++++ Data
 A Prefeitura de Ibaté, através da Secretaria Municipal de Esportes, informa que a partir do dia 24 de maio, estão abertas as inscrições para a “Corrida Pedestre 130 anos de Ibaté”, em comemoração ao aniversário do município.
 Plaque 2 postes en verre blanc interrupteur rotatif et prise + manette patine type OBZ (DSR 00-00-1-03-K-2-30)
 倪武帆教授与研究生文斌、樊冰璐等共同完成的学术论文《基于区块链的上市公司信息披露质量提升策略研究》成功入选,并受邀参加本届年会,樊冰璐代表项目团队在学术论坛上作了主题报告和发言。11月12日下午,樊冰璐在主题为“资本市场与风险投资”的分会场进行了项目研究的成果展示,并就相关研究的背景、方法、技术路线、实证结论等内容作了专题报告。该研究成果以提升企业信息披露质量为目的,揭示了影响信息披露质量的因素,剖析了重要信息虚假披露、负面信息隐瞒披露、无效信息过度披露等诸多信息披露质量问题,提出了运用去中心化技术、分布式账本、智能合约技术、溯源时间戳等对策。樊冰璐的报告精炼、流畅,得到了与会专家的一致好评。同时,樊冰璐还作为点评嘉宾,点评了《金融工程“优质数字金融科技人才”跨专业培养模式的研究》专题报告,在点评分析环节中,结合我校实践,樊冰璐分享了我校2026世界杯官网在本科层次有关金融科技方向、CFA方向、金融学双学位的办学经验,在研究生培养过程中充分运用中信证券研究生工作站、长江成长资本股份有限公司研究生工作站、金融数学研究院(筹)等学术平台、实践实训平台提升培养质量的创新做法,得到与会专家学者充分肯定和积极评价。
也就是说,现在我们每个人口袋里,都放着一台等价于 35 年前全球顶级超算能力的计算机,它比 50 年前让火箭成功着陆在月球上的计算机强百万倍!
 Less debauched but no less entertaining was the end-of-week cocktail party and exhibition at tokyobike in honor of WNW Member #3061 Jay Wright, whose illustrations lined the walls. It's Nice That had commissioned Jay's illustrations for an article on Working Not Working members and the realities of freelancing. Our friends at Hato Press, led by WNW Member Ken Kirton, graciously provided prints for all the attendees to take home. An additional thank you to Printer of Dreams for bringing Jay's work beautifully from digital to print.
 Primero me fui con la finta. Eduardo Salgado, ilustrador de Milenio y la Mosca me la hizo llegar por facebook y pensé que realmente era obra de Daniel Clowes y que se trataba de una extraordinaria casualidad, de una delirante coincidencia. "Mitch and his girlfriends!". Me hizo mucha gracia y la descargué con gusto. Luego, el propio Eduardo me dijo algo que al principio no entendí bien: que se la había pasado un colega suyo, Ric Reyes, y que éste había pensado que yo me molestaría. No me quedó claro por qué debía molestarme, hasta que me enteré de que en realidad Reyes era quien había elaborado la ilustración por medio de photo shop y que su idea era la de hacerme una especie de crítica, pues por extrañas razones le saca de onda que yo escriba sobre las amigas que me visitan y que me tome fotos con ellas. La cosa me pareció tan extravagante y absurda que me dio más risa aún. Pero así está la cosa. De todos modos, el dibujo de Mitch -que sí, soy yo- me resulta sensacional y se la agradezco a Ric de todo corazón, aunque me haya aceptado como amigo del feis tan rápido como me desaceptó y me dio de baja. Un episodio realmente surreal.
++++++++
++++ Data
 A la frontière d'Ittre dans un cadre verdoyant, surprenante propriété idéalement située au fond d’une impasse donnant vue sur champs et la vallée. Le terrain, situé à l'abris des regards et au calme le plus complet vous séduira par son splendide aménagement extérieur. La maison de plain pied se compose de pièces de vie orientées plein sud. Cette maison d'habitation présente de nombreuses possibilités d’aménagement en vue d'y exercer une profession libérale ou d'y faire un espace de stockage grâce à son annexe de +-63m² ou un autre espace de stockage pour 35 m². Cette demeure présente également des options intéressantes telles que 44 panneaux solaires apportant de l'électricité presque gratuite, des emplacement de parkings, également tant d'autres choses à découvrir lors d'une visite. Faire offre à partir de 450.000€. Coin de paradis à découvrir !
++++++++
• _Task description_: Please give an exact copy of the entries above, from the line with "也就是说,现在我们每个人口袋里,都放着一台等价于 35 年前全球顶级超算能力的计算机,它比" down to the line with "Less debauched but", inclusive, and nothing else.

• _Solved problem_:
也就是说,现在我们每个人口袋里,都放着一台等价于 35 年前全球顶级超算能力的计算机,它比 50 年前让火箭成功着陆在月球上的计算机强百万倍!
 Less debauched but no less entertaining was the end-of-week cocktail party and exhibition at tokyobike in honor of WNW Member #3061 Jay Wright, whose illustrations lined the walls. It's Nice That had commissioned Jay's illustrations for an article on Working Not Working members and the realities of freelancing. Our friends at Hato Press, led by WNW Member Ken Kirton, graciously provided prints for all the attendees to take home. An additional thank you to Printer of Dreams for bringing Jay's work beautifully from digital to print.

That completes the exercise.